The Role of Privacy in Onchain Systems

Blockchains operate on the principles of transparency, where every transaction and smart contract is publicly verifiable. While this design promotes trust and open participation by eliminating the need for intermediaries, it also creates hurdles for financial institutions. Sensitive elements, such as business logic or customer data, pose risks in a fully open environment, which has slowed broader institutional involvement.

The co-founder of Chainlink has noted that privacy is a crucial element for the widespread use of cryptocurrency, highlighting its importance in unlocking mainstream applications. Traditional financial systems rely on confidentiality to maintain competitiveness and comply with regulations, from capital markets to derivatives trading.

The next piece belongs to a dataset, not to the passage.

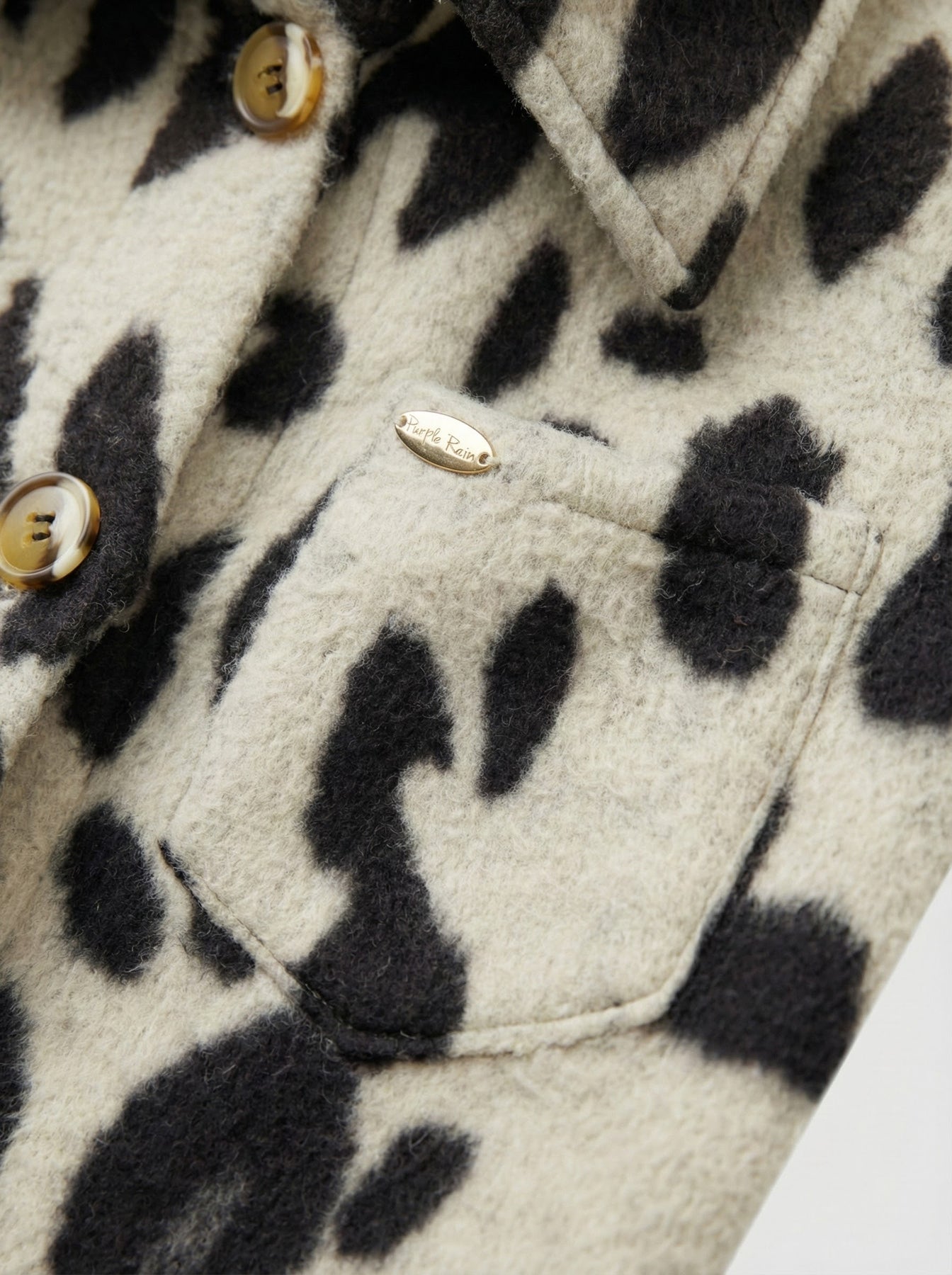 Botones frontales a tono y bolsillos con solapa que añaden funcionalidad y un toque sofisticado, complementado con una sutil placa metálica de la marca "Purple Rain".

Without similar on-chain protections, tokenization of complex assets, such as private credit or fund allocations, becomes impractical as investor data or pricing terms can leak.

Confidential Compute attempts to solve these problems by combining privacy with the inherent verifiability of blockchain. It builds on previous innovations from Chainlink Labs, including technologies such as Town Crier And DECOto create a framework in which proprietary data is hidden during processing. This approach avoids the tradeoffs common with isolated, privacy-oriented blockchains or specialized cryptographic methods, which can limit interoperability or performance.

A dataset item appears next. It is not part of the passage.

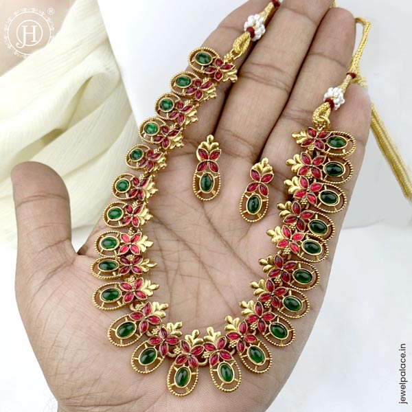 - MATERIAL: The metal is fine quality matte gold plated that gives a rich & glossy finish to the set. The glittering finish combined with the ruby green stones gives a unique Maharani look to the jewelry set. The metal is strong and long-lasting.
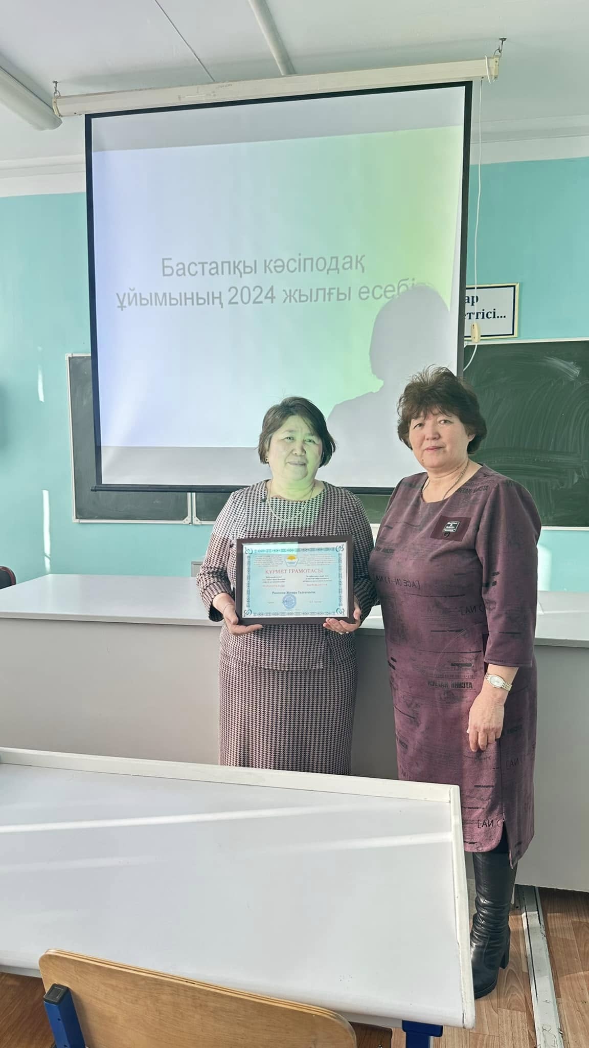 “Қазақстандық оқу-ағарту, ғылыми және жоғары білім қызметкерлерінің салалық кәсіптік одағының Солтүстік Қазақстан облыстық ұйымы” атынан мектебіміздің әлеуметтік педагогі, қазақ тілі мен әдебиет пәнінің мұғалімі Рахимова Жазира Талғатқызы Құрмет грамотасымен марапатталды.

Core functions and architecture

Chainlink Confidential Compute works via the Chainlink Runtime Environment (CRE)an orchestration layer that manages workflows across blockchains and external systems. CRE handles data entry, API connections, compliance checks and cross-chain interactions, now enhanced with confidential computing to keep elements like business logic and external connectivity private throughout the process.

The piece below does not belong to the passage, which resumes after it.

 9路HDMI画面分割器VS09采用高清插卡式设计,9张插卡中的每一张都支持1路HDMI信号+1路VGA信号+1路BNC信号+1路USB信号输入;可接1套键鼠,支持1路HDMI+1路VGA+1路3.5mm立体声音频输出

Two key innovations distinguish this architecture. First, decentralized secret management uses Chainlink Distributed Key Generation (DKG) and the Vault Decentralized Oracle Network (DON). Secrets, such as API credentials or proprietary data, are encrypted and distributed to independent node operators. When necessary for a workflow, nodes only provide decryption shares after verifying authorizations and attestations. The system ensures that no entity has access to the full secret, with the enclave discarding it immediately after use.

Second, the framework supports flexible execution of confidential workflows. Initially, it uses Trusted Execution Environments (TEEs) for efficient processing, isolating data at the hardware level to minimize computation overhead compared to methods such as secure multi-party computation or fully homomorphic encryption. Users can access only the necessary information on a need-to-know model, improving security without sacrificing speed. Future iterations plan to integrate other technologies, such as zero-knowledge proofs, as they progress, giving developers choices based on specific requirements.

Each workflow generates cryptographic attestations, which verify execution without revealing details. These can include encrypted data for auditors or regulators, adding layers of auditability while maintaining confidentiality. This end-to-end verifiability aligns with blockchain standards, allowing users to securely confirm operations.

Practical use cases

Chainlink Confidential Compute opens doors to various applications previously limited by privacy concerns. For example, it supports private transactions where details such as amounts or positions are hidden, enabling confidential value exchanges on-chain.

In tokenization of real-world assets (RWAs)institutions can bring instruments such as bonds or private credit pools onto blockchains without disclosing investor information or deal terms. This goes beyond simple assets such as treasury bills, to more complicated financial products that require discretion.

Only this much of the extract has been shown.